Через три поколения, из уст в уста, передавался этот рассказ о семейном ночном чаепитии. Керосиновая лампа. Медный сияющий самовар. Бурлящий кипяток из крана. Вздыхает, дует на блюдце бородатый широколобый человек. И множество детских глаз смотрят, как он пьет чай из блюдца.
На аэродроме среди солнечных белесых холмов, сверкающих белых хребтов стоял батальон, готовый к погрузке. Ротные шеренги, бруски «бэтээров» и «бээмдэ», грузовые машины. Серые, с недвижными винтами транспорты опустили аппарели. На лицах людей, на ромбах брони был сверкающий отсвет снегов. Кабул вдалеке туманился солнечной дымкой, переливался, разноцветно мерцал.
Калмыков стоял на бетоне перед расстеленными плащ-палатками, на которых лежали убитые. Переодетые в форму спецназа, в синих запекшихся ранах, черных синяках и ожогах, в затверделой сукрови, в заледенелой мутнопрозрачной слизи. Их приоткрытые, с белеющими зубами рты, остекленелые, раздвинувшие веки глаза, всклокоченные волосы, сложенные на животах руки делали их незнакомыми, неузнаваемыми. Те, кого прежде знал Калмыков, помнил их голос, румянец, быстрые движения, готовность исполнить его команду, теперь лежали чужие, и на их искаженных лицах было отвращение к нему, Калмыкову.
Он шел вдоль брезентовых полотнищ, на которых лежали убитые.
Начальник штаба Файзулин поднял изумленные брови, скосил свое круглое, с проступившей щетиной лицо, словно не желал смотреть на Калмыкова, пославшего его на смерть. Калмыков вспомнил, как, вернувшись из отпуска, Файзулин, посвежевший, загорелый, рассказывал ему, как с женой и детьми собирали малину и варили варенье.
Солдат Амиров, истерзанный взрывом мины, с выбитыми глазами, был худ, изломан, одно плечо выше другого, синеватая тонкая шея вытянута, как у задушенной птицы.

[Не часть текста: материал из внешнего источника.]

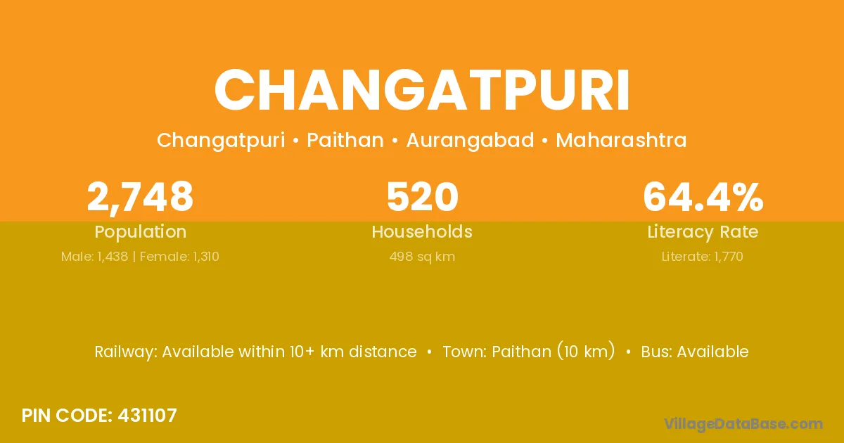 Paithan (10 km) is the nearest town to Changatpuri village for major economic activities and is located approximately 10 km away.
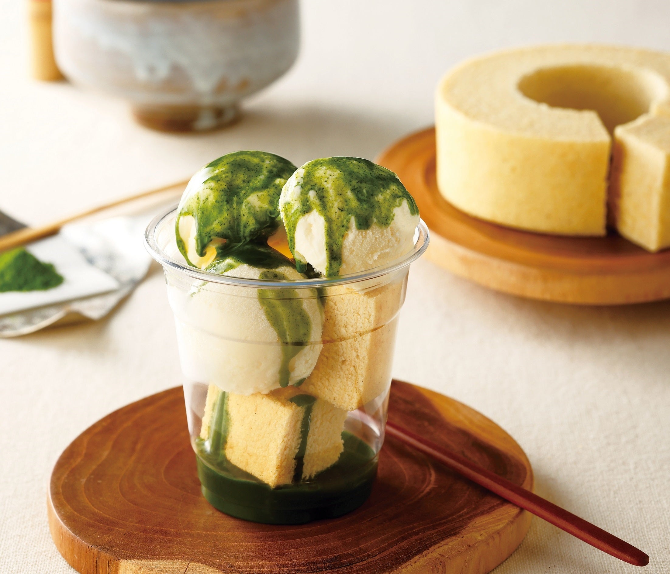 バウムクーヘン専用AIオーブン「THEO(テオ)」で焼き上げたバウムクーヘンとなめらかなジェラートを合わせ、点てたての抹茶をかけて提供します。

Калмыков вспомнил бег по осенней пустыне, обморок Амирова, его блуждающие глаза, словно в предчувствии будущего страшного взрыва.
Сержант Шарипов, и в смерти громадный, с одной рукой, лежащей на могучей груди, с ледяным колтуном слипшихся черных волос. Он казался беззащитным и о чем-то просящим, и Калмыков вспомнил перламутровое утро, голубой арык в крутящихся воронках, и Шарипов бурлил, клокотал, наполнял арык своими мускулами, розовой спиной, гулким смехом и гоготом.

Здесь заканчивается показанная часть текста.